Give again only the lines from the line that holds "PLT Label Ivory" to the end of the data, inclusive, omitting all pictures.

Given information ▸
Content starts

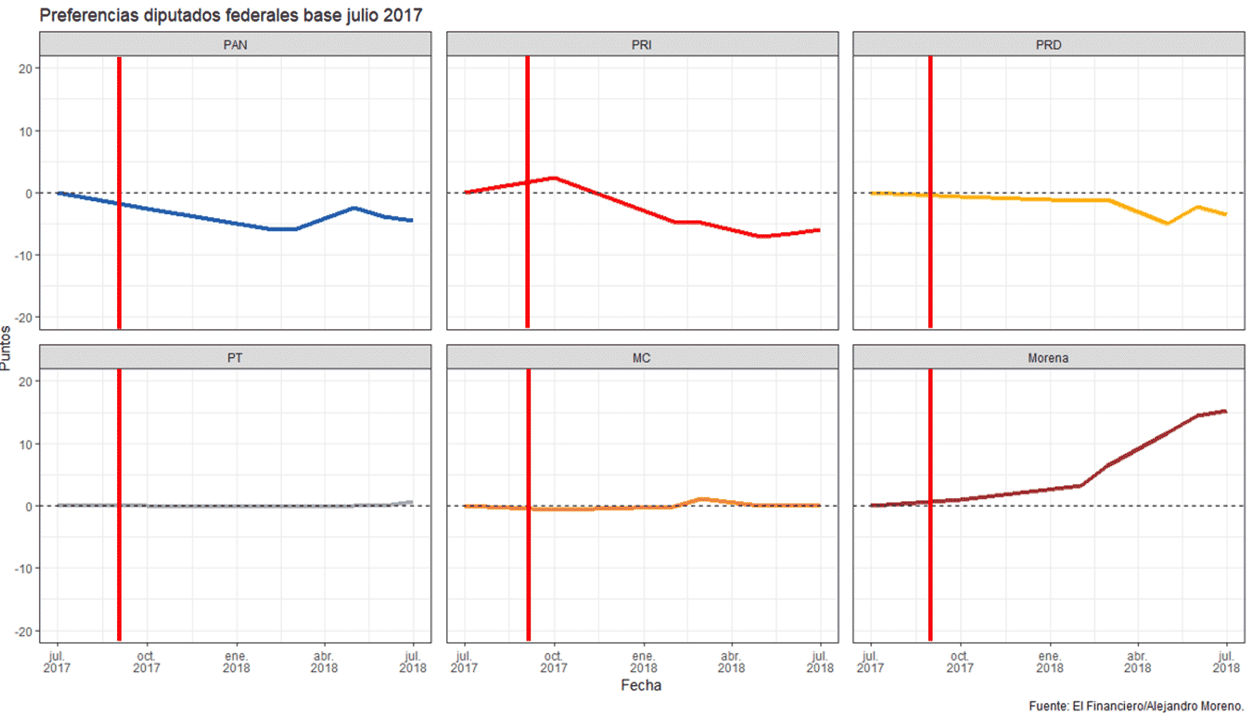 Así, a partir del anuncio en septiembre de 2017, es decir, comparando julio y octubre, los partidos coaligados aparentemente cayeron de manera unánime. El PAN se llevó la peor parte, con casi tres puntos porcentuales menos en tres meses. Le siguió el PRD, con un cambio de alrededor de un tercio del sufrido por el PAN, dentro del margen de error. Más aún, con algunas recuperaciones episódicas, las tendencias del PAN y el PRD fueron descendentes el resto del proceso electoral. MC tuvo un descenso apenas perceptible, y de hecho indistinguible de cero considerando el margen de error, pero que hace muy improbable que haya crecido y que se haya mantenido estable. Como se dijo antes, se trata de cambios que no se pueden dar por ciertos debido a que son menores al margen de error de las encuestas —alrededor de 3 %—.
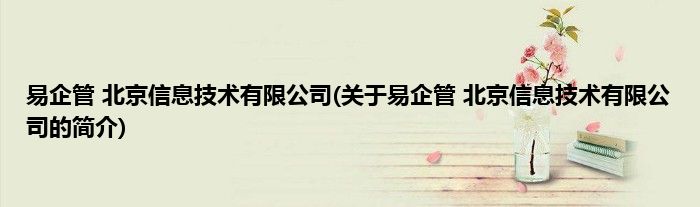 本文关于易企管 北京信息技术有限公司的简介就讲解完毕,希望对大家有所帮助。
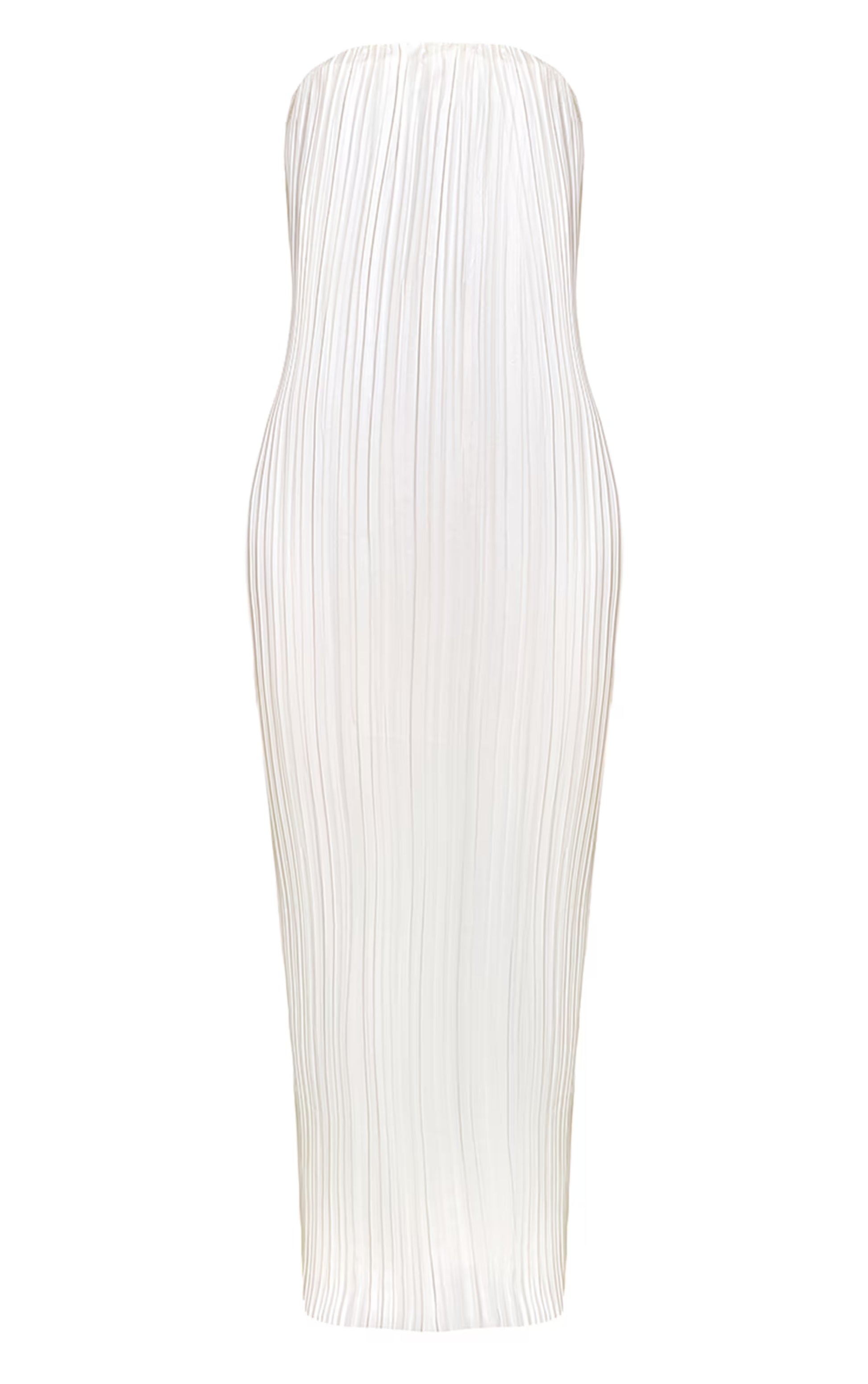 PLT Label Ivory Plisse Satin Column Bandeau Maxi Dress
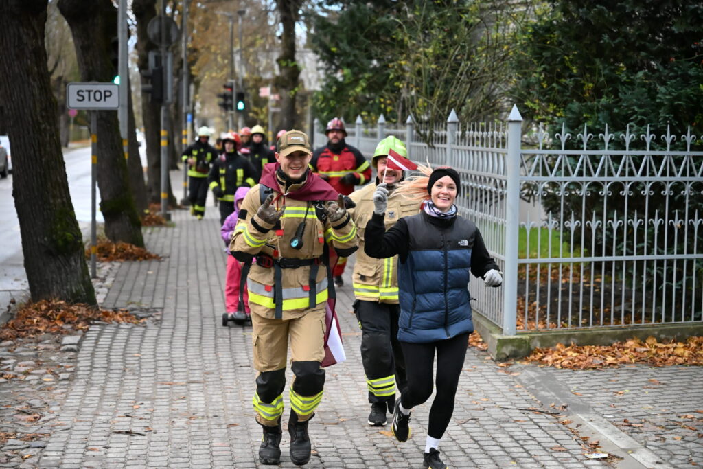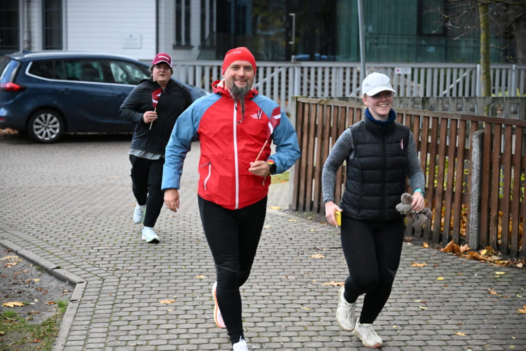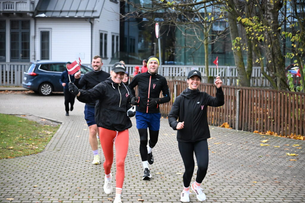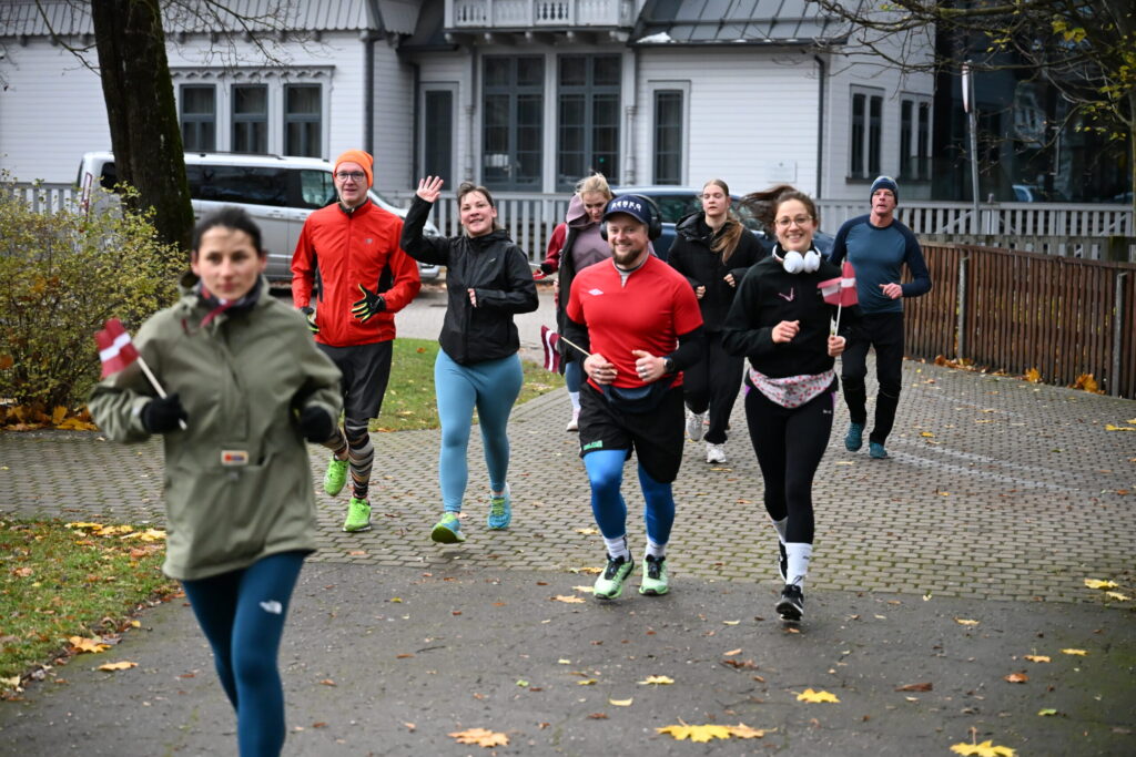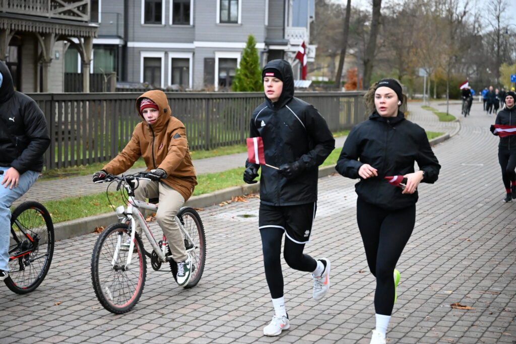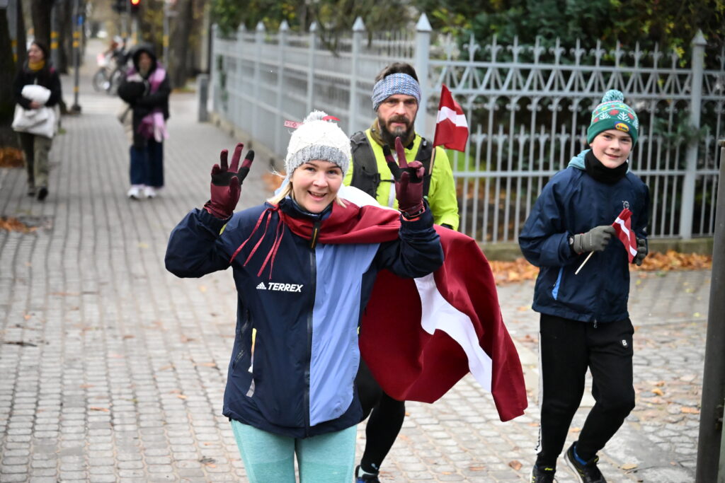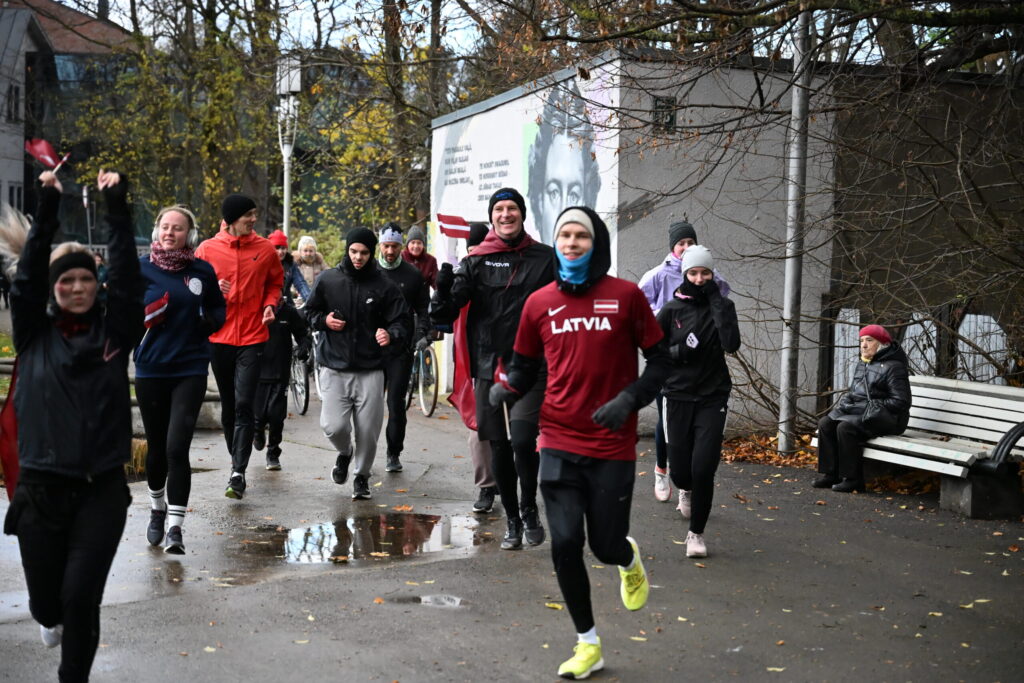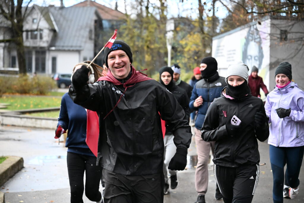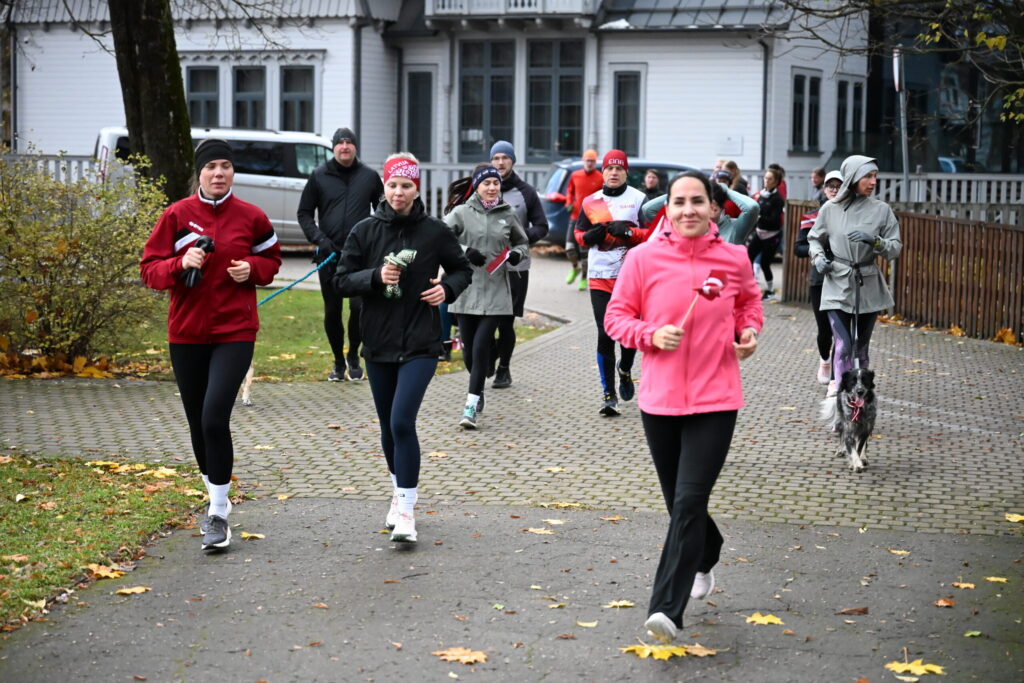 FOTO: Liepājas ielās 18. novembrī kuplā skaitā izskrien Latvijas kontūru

Content ends

Exercise answer ▸
 PLT Label Ivory Plisse Satin Column Bandeau Maxi Dress
 FOTO: Liepājas ielās 18. novembrī kuplā skaitā izskrien Latvijas kontūru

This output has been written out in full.